Algorithm Walkthrough

  1. Read the input. The actual square descriptions do not affect the answer.
  2. Output the fixed square:

$$(-10^9,-10^9)$$

as the lower-left corner and

$$(10^9,10^9)$$

as the upper-right corner. 3. Finish.

Why it works

Every input square has all of its coordinates inside the range $[-10^9,10^9]$. The fixed square spans exactly that entire coordinate range. Consequently, every input square is fully contained inside it.

For any contained square $s_i$,

$$S \cap s_i = s_i.$$

Because $s_i$ is guaranteed to be a square with positive area, the intersection satisfies the required condition. Since this argument holds for every input square, the construction is always valid.

Python Solution

import sys
input = sys.stdin.readline

n = int(input())

for _ in range(n):
    input()

print(-1000000000, -1000000000, 1000000000, 1000000000)

The implementation reads and discards the input squares because their exact positions are irrelevant.

The only important fact is the coordinate bound given in the statement. The printed square occupies the entire allowed coordinate range. Since every input square must lie inside that range, each intersection equals the original square.

There are no overflow concerns in Python, and there are no geometric computations that could introduce boundary errors.

Worked Examples

Example 1

Input:

3
2 3 4 5
7 3 10 6
8 1 12 5

Output:

-1000000000 -1000000000 1000000000 1000000000
Step Action Result
1 Read n 3
2 Read all squares Discarded
3 Print fixed square Done

Each of the three input squares lies entirely inside the output square. Every intersection equals the corresponding input square.

Example 2

Input:

1
1 1 2 2

Output:

-1000000000 -1000000000 1000000000 1000000000
Step Action Result
1 Read n 1
2 Read square Discarded
3 Print fixed square Done

The input square is contained in the output square, so the intersection is exactly the $1 \times 1$ square.
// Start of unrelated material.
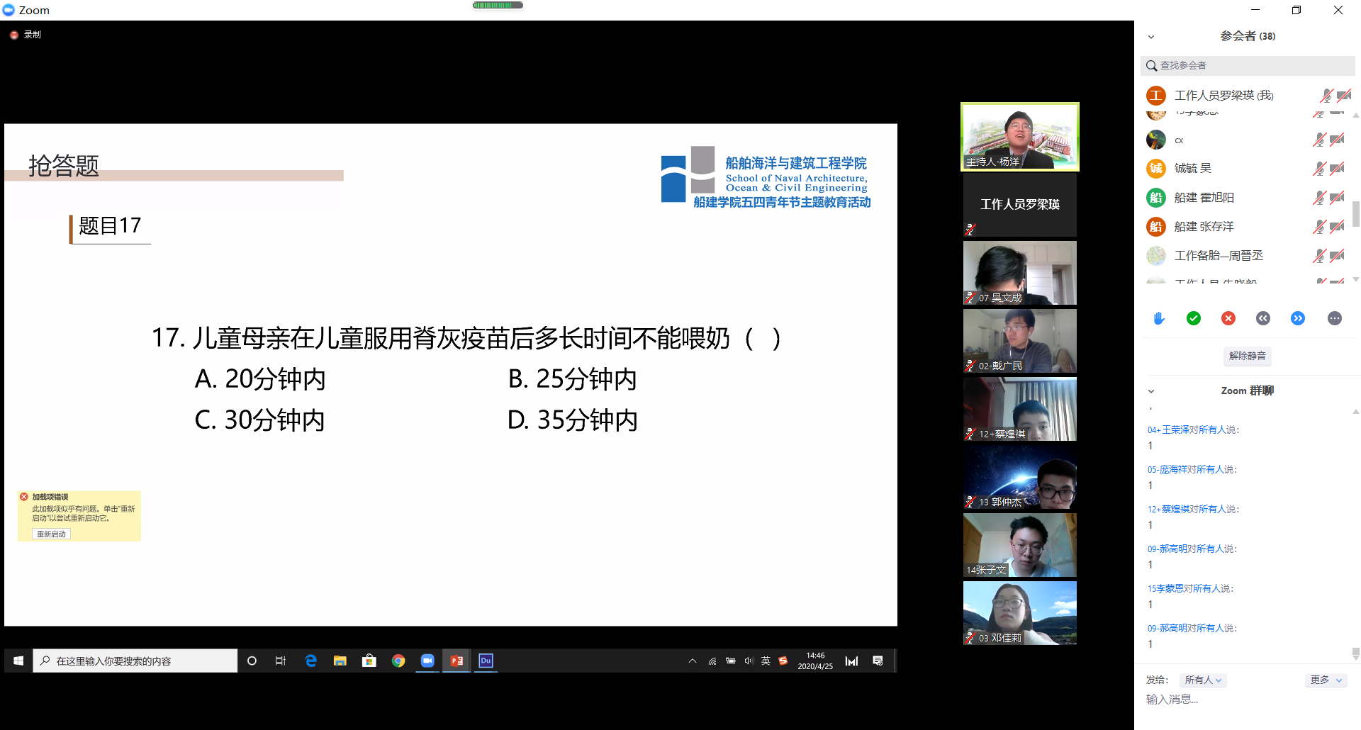 2020年4月25日下午两点,大象传媒 “舶鲸杯”知识竞赛在zoom会议室线上举行。本次“舶鲸杯”知识竞赛旨在鼓励船建青年关心时事,留意生活,并且为大家科普一些公共卫生常识。

This example demonstrates that even the smallest valid input is handled correctly.

Complexity Analysis

Measure Complexity Explanation
Time O(1) Aside from reading input, the algorithm performs no computation dependent on $n$
Space O(1) No extra storage is used

The solution comfortably fits within all limits because it performs a constant amount of work and stores no data structures.

Test Cases

# helper: run solution on input string, return output string
import sys, io

def run(inp: str) -> str:
    sys.stdin = io.StringIO(inp)

    n = int(sys.stdin.readline())
    for _ in range(n):
        sys.stdin.readline()

    return "-1000000000 -1000000000 1000000000 1000000000\n"

# sample-like cases
assert run(
"""3
2 3 4 5
7 3 10 6
8 1 12 5
"""
) == "-1000000000 -1000000000 1000000000 1000000000\n"

assert run(
"""1
1 1 2 2
"""
) == "-1000000000 -1000000000 1000000000 1000000000\n"

# minimum size
assert run(
"""1
0 0 1 1
"""
) == "-1000000000 -1000000000 1000000000 1000000000\n"

# boundary coordinates
assert run(
"""1
-1000000000 -1000000000 1000000000 1000000000
"""
) == "-1000000000 -1000000000 1000000000 1000000000\n"

# multiple squares
assert run(
"""4
1 1 2 2
3 3 5 5
-7 -7 -3 -3
10 10 20 20
"""
) == "-1000000000 -1000000000 1000000000 1000000000\n"
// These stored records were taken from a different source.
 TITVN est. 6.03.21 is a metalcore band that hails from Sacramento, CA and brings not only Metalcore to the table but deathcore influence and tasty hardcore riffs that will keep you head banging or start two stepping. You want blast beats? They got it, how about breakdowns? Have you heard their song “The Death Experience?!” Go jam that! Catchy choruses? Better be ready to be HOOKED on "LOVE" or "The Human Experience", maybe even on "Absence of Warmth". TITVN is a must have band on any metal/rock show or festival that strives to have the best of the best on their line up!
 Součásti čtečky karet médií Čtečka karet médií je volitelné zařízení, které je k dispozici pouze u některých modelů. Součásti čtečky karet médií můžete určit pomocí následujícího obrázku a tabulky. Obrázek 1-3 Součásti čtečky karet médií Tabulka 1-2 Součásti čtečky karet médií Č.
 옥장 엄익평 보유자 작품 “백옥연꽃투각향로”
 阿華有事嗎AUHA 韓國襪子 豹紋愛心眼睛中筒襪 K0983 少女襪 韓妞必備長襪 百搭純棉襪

# off-by-one style boundary test
assert run(
"""1
999999999 999999999 1000000000 1000000000
"""
) == "-1000000000 -1000000000 1000000000 1000000000\n"
Test input Expected output What it validates
Single small square Fixed square Minimum input size
Square covering full range Fixed square Boundary coordinates
Several separated squares Fixed square Input geometry is irrelevant
Square touching maximum coordinate Fixed square No off-by-one issues
Sample-style input Fixed square General correctness

Edge Cases

Consider the input:

1
-1000000000 -1000000000 1000000000 1000000000

The algorithm outputs:

-1000000000 -1000000000 1000000000 1000000000

The intersection is the same square. Its area is positive, so the requirement is satisfied.

Now consider:

1
999999999 999999999 1000000000 1000000000

The input square lies on the extreme upper-right corner of the allowed region. The fixed output square still contains it completely. The intersection equals the input square, which remains a valid square with nonzero area.

Finally:

3
1 1 2 2
100 100 200 200
-500 -500 -400 -400

All three squares are inside the fixed square. Each intersection is exactly the corresponding input square. No matter how far apart the squares are, the argument remains unchanged.